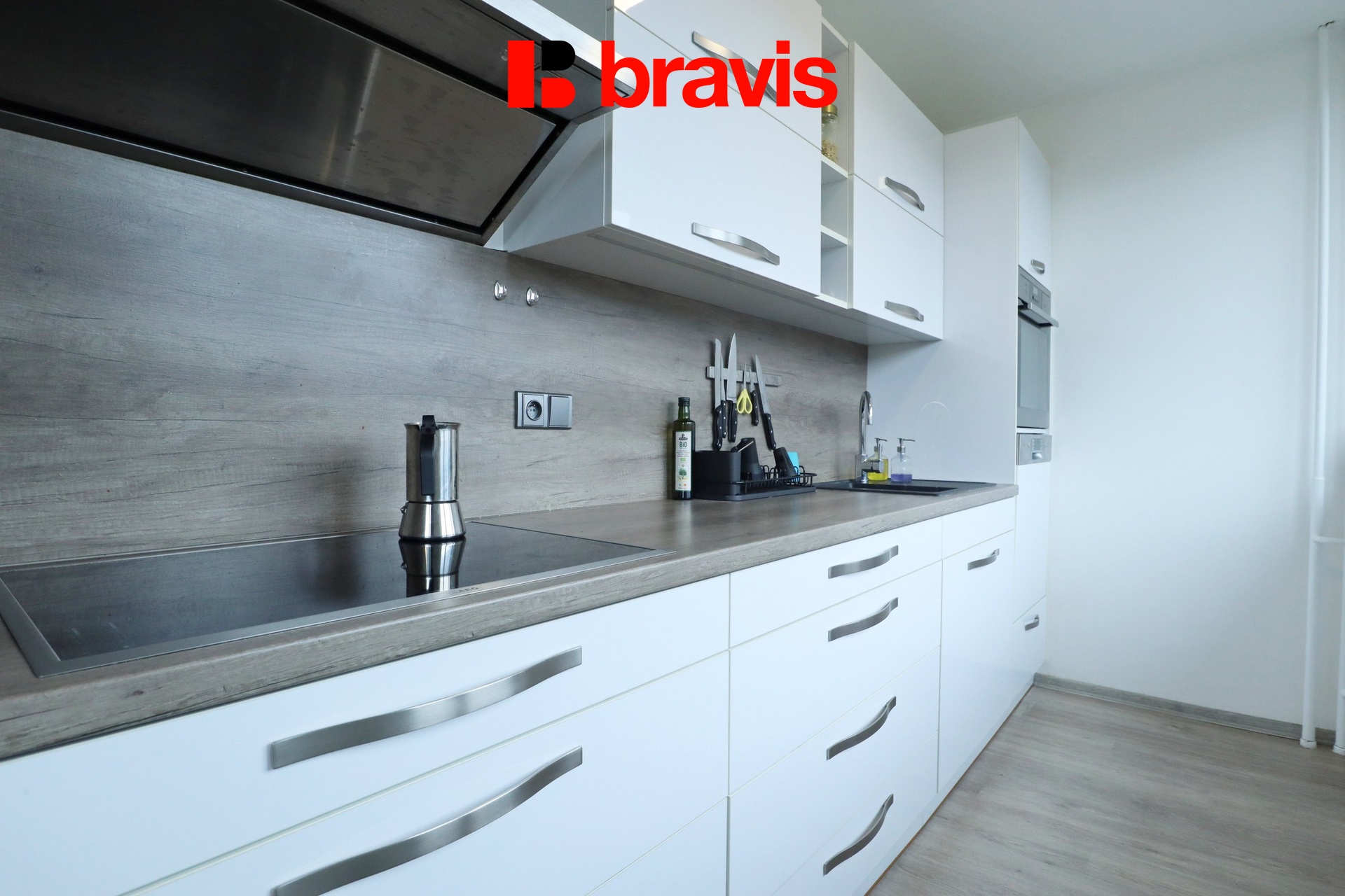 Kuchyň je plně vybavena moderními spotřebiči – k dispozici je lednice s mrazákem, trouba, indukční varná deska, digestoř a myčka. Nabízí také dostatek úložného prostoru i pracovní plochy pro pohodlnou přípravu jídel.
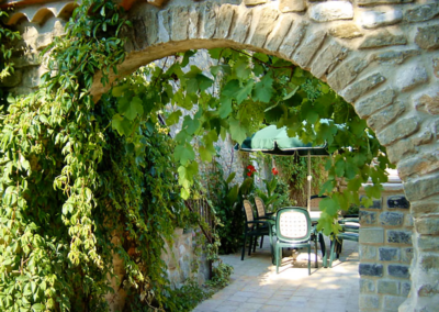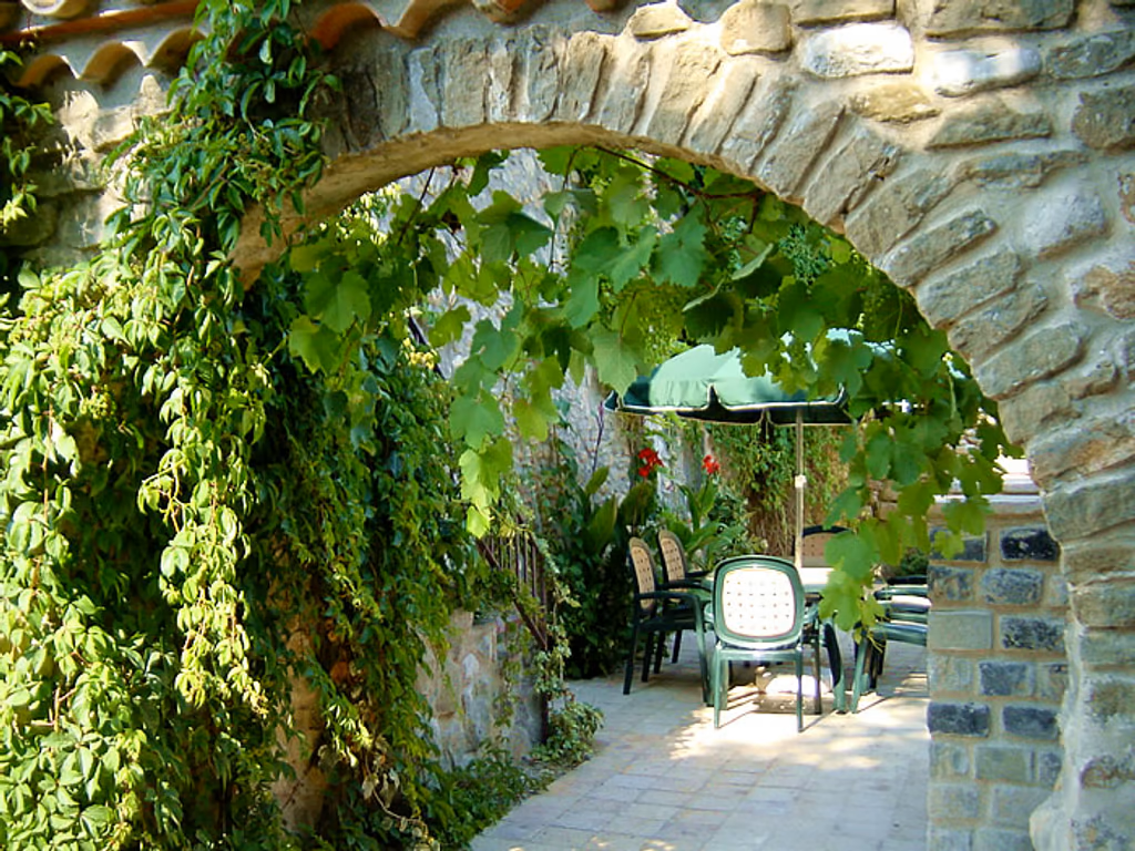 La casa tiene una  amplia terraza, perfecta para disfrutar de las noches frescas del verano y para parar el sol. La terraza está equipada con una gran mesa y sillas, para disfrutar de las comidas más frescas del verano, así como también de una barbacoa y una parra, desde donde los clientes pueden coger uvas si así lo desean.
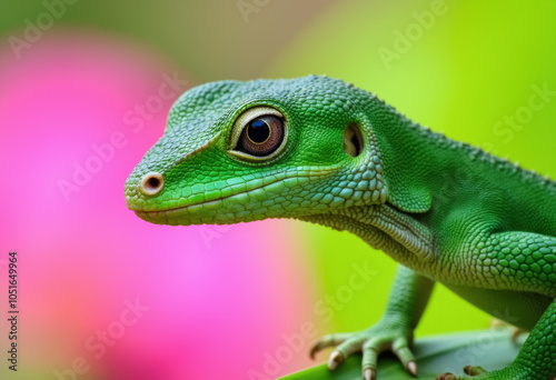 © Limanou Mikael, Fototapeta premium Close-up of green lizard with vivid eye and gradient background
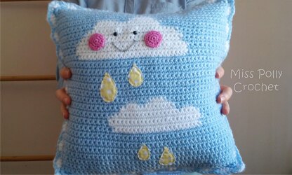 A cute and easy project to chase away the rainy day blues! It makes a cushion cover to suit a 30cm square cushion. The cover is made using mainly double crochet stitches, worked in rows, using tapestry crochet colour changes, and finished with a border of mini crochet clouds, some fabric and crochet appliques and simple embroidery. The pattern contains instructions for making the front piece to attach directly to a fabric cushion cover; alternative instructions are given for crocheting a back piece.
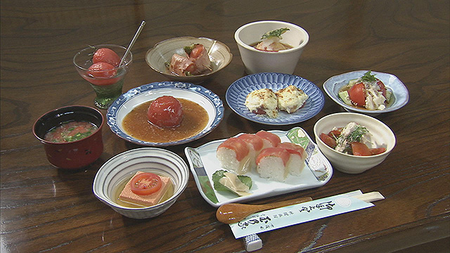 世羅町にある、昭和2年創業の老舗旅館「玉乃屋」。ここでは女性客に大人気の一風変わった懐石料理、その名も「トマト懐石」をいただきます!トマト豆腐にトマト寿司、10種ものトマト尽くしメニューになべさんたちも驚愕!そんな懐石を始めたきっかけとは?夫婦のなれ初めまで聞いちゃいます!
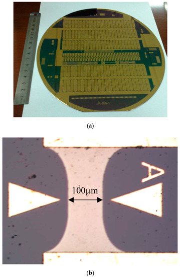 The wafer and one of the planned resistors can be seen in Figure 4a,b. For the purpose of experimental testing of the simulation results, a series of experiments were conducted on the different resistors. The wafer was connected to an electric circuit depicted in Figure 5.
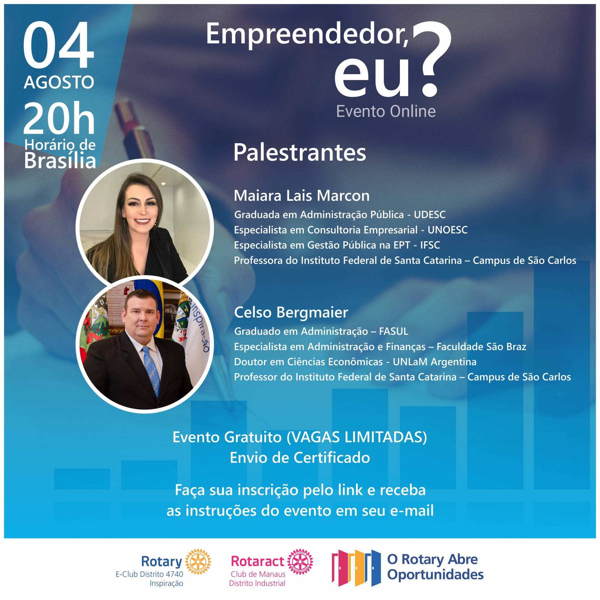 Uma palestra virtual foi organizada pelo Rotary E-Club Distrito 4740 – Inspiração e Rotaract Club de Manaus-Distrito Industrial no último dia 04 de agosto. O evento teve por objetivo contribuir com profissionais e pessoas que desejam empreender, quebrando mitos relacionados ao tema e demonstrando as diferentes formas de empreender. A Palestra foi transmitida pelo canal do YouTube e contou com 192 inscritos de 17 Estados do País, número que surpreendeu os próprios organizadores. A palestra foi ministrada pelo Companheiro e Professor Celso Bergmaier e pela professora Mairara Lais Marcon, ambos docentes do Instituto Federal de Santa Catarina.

→ Work to complete:
Ignoring the pictures, write out word for word only the lines from the one containing "The wafer and" through the last line of the data, both ends included.

→ Response:
 The wafer and one of the planned resistors can be seen in Figure 4a,b. For the purpose of experimental testing of the simulation results, a series of experiments were conducted on the different resistors. The wafer was connected to an electric circuit depicted in Figure 5.
 Uma palestra virtual foi organizada pelo Rotary E-Club Distrito 4740 – Inspiração e Rotaract Club de Manaus-Distrito Industrial no último dia 04 de agosto. O evento teve por objetivo contribuir com profissionais e pessoas que desejam empreender, quebrando mitos relacionados ao tema e demonstrando as diferentes formas de empreender. A Palestra foi transmitida pelo canal do YouTube e contou com 192 inscritos de 17 Estados do País, número que surpreendeu os próprios organizadores. A palestra foi ministrada pelo Companheiro e Professor Celso Bergmaier e pela professora Mairara Lais Marcon, ambos docentes do Instituto Federal de Santa Catarina.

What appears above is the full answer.